If negotiations don’t reach fruition as the bill readies for a floor vote, Republican insiders said, watch Trump’s tweets and travel schedule for signs that he’s dispensed with the carrots and brought out the stick to try to get wayward members on board.

Party insiders say the president at that point could choose to make an example of one or two resistant Republicans to send a message.

Rep. Mark Meadows, chairman of the Freedom Caucus, the primary group of House Republicans opposed to the healthcare bill, is a possible target. His western North Carolina district voted overwhelmingly for Trump in November, and Meadows has come out in opposition to the bill.

Meadows was still opposed this week but seems to recognize that it would be difficult to win an argument with the president at home.

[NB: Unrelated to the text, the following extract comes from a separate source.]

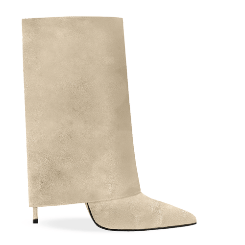 Stivaletto a punta sfilata in camoscio con risvolto e tacco a spillo 100mm o 120mm
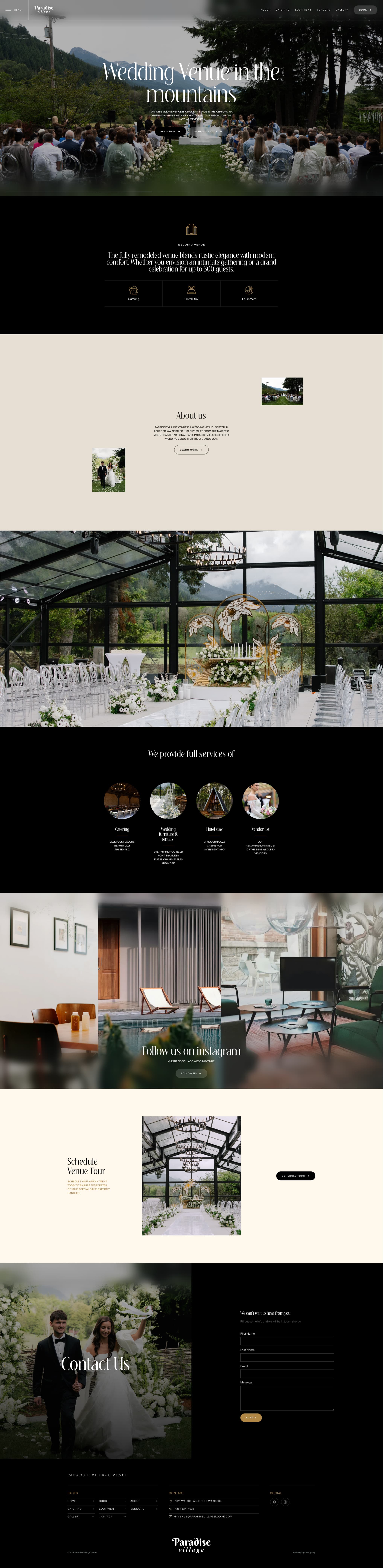 Paradise Venue is a destination wedding location set in the mountains, combining hospitality with event services for couples looking for a scenic, all-in-one venue.

“The president has a very powerful bully pulpit and a very powerful tweet and so I would never want to take on the president in either of those realms,” he admitted.

Trump so far has deployed the carrot in a bid to persuade the opposition to his side. Rep. Tom Cole, R-Okla., a member of the House deputy whip team, said that might be enough.

“I don’t think he has to threaten them. I think he does have to persuade them and make them realize, we fail at this, the first victims are going to be you guys, because you’re the ones up in 2018,” Cole said. “People have to decide, do you really want to hand the president a defeat on his first major initiative? I think that’s full of political consequences for people that do it.”

Trump continues to negotiate with opposition conservatives to improve the bill and gain their support, although the administration and Republican leaders are ruling out many of the major changes critics are demanding.

Trump has held listening sessions with conservative advocacy groups that oppose the bill, and tried publicly to encourage Sen. Rand Paul, R-Ky., to drop his opposition. He’s also dispatching Vice President Mike Pence to Louisville on Saturday for a rally with Gov. Matt Bevin to drum up support.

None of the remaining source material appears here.